Меня поразило, что вся мировая экономика повернулась разом, как гигантский механизм трансмиссии. Ну кто мог предвидеть, что экономический спад раскрутится, как система шестеренок, и прокатится по всем странам? Раньше я считал надуманным образ «финансовой инфекции» — что, мол, Бразилия могла «заразиться» от России, потому что какой-то обанкротившийся хедж-фонд инвестировал в обеих странах. Но быстрое распространение кризиса наталкивает на мысль, что мне, пожалуй, стоило более серьезно отнестись к этой идее. Настоящей проблемой оказалось и отсутствие единого европейского правительства. Лидеры стран Европы не могли скоординировать свои усилия. Мы стали свидетелями того, как лопаются «пузыри» там, где мы этого вовсе не ожидали: в Испании, в Ирландии, в странах Восточной Европы. Было невозможно предположить, что мировую экономику так сильно затянет в пучину. Некоторые думали, что Соединенным Штатам с их огромным предпринимательским и инновационным потенциалом в принципе не грозит глубокая и продолжительная стагнация. Но оказалось, что рационализаторство, энергичность и креативность помогают долгосрочному экономическому росту, но не защищают экономику от циклических спадов. Более того, эти качества делают ее еще более уязвимой. В 20-е годы Америка была страной с самой передовой и производительной промышленностью, что не спасло ее от финансового коллапса и ужасной депрессии.

Как вы считаете, прибавил ли кризис очков в пользу социализма?

Нет. Он прибавил очков в пользу регулируемого капитализма. Совсем недавно большая часть истеблишмента верила, что государственная система финансового надзора — страховочная сетка, сохранившаяся в Америке со времен «Нового курса», только мешает экономике развиваться. А сейчас мы оглядываемся на эпоху жестких правил и думаем: «Надо же, после 1930-х у нас пятьдесят лет не было ни одного крупного кризиса». Может, все эти годы мы и не получали таких высоких процентов по депозитам, как в последующие десятилетия, но теперь-то нам это не кажется столь важным.

А были ли какие-нибудь менее очевидные причины нынешнего кризиса?

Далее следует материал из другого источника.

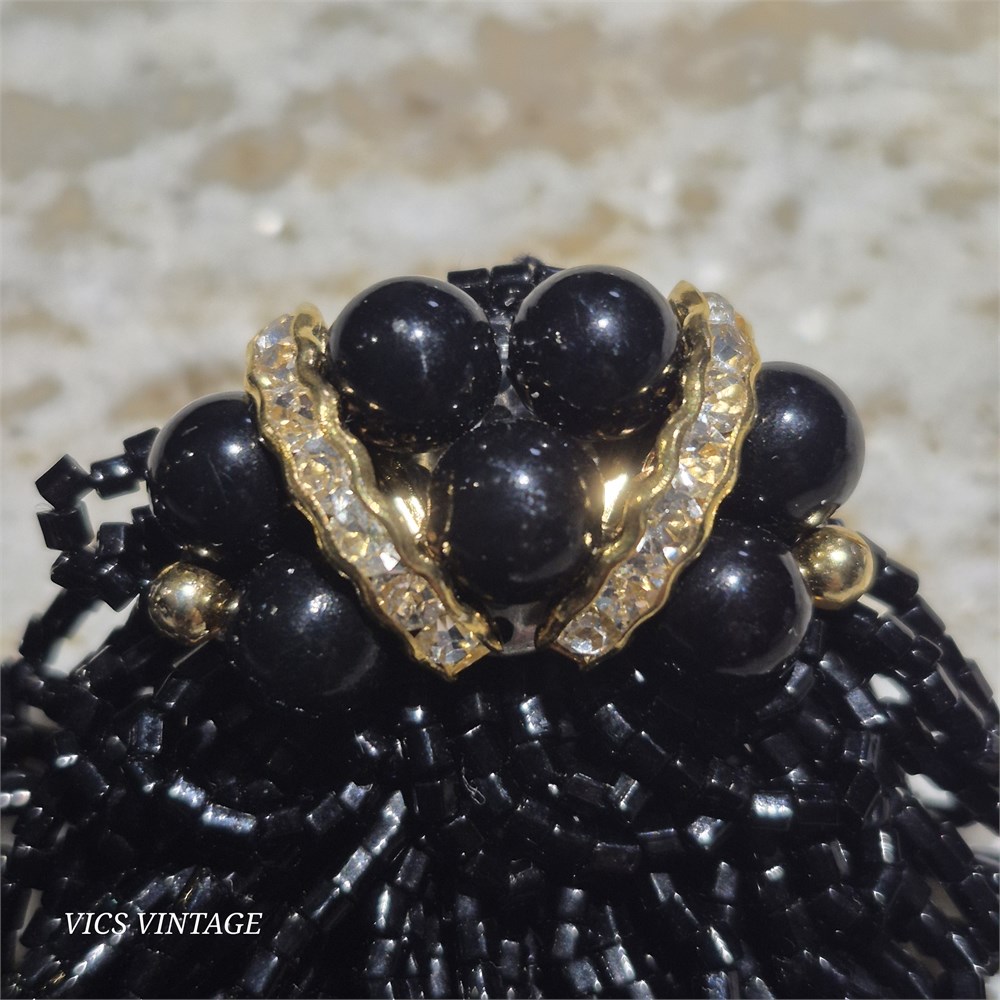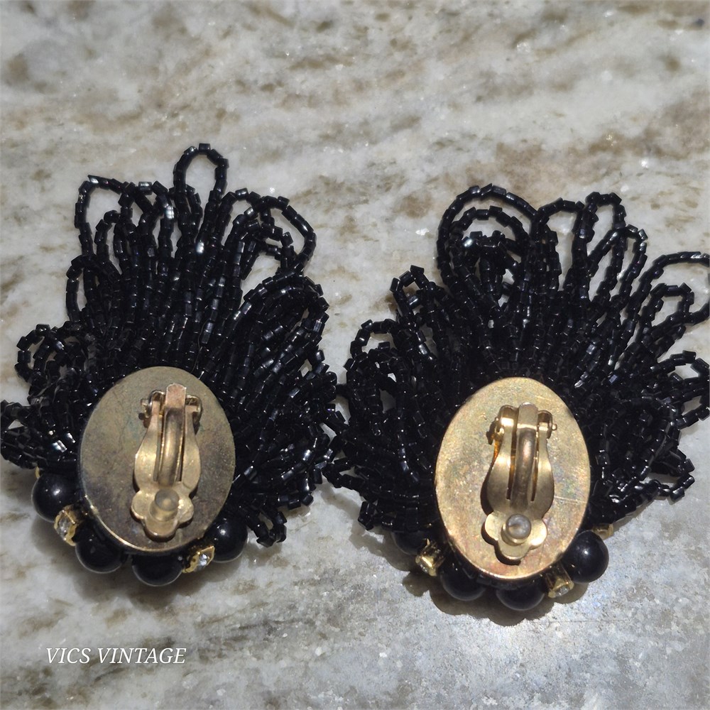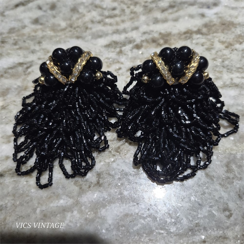 Vintage 1980's black bugle bead loops dangling clip earrings; the dozens of graduated size bead loops start at the sides and wrap around the bottom with shorter, medium and longer loops layered and overlapping to form the dangling tassels. The loops are attached to a backing behind a black cabochon inside a ring of channel set clear rhinestones.

Некоторые могут не без оснований попенять гарвардскому экономисту Майклу Дженсену, публиковавшемуся в HBR и других изданиях: мол, он втянул нас во все это, постоянно указывая на недостатки системы, при которой доход топ-менеджеров не был непосредственно привязан к прибыли акционеров. Идея о том, что руководство компании нужно стимулировать долей в прибыли, стала весьма популярной — и, вероятно, нанесла серьезный ущерб экономике. На Уолл-стрит она была воплощена в полной мере — директорам, обеспечившим прибыль на коротком отрезке, выплачивали огромные бонусы. Но когда песочные замки смыло волной, выяснилось, что те, кто их строил, ничего не потеряли. Экономисты тоже должны взять на себя часть вины. Ведь это именно они разработали теорию эффективного рынка, поверив в которую, мы, как выяснилось, практически лишили себя инструментов, позволяющих регулировать финансы.

Нужно ли руководителям корпораций менять что-либо в своей практике?

Должен признаться, я об этом не очень много думал. Один из пороков, в которых повинны экономисты, — вера в то, что частный сектор в большинстве случаев знает, что делает. Но нефинансовые предприятия в целом эту веру нисколько не поколебали. Их производительность в течение последних 10 лет показывала высокие темпы роста, что свидетельствует об эффективности.

Тем не менее я допускаю, что высокие зарплаты топ-менеджеров — вне всякого сомнения сыгравшие немалую роль в падении финансового сектора, — пусть в меньшей степени, но повлияли на решения, принимаемые в компаниях реального сектора. Во многих, очень многих организациях менеджерам высшего звена платят слишком щедро, это уж точно.